* _AVAILABLE RECORDS_:

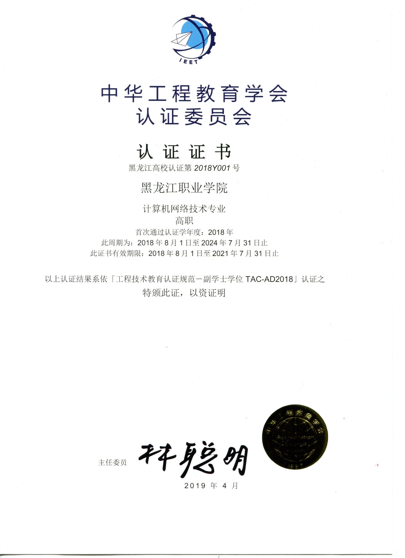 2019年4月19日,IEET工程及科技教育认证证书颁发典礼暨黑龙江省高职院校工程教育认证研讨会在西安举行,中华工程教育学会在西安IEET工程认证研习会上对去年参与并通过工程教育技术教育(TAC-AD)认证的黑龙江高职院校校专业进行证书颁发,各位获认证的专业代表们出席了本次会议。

--

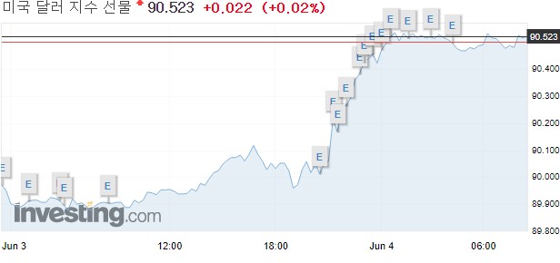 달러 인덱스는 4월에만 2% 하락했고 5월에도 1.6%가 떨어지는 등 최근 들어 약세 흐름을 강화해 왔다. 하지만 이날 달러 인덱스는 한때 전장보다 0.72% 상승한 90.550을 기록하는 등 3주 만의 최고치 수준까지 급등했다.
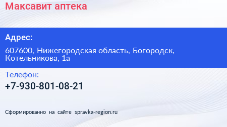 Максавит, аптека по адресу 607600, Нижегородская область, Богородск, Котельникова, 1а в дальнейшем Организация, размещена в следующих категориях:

* _WORK TASK_: Make an exact copy of the lines above, beginning with the line with "달러 인덱스는 4월에만" and ending with the line with "Максавит, аптека по", and keep the pictures out of it.

* _EXERCISE OUTPUT_:
 달러 인덱스는 4월에만 2% 하락했고 5월에도 1.6%가 떨어지는 등 최근 들어 약세 흐름을 강화해 왔다. 하지만 이날 달러 인덱스는 한때 전장보다 0.72% 상승한 90.550을 기록하는 등 3주 만의 최고치 수준까지 급등했다.
 Максавит, аптека по адресу 607600, Нижегородская область, Богородск, Котельникова, 1а в дальнейшем Организация, размещена в следующих категориях:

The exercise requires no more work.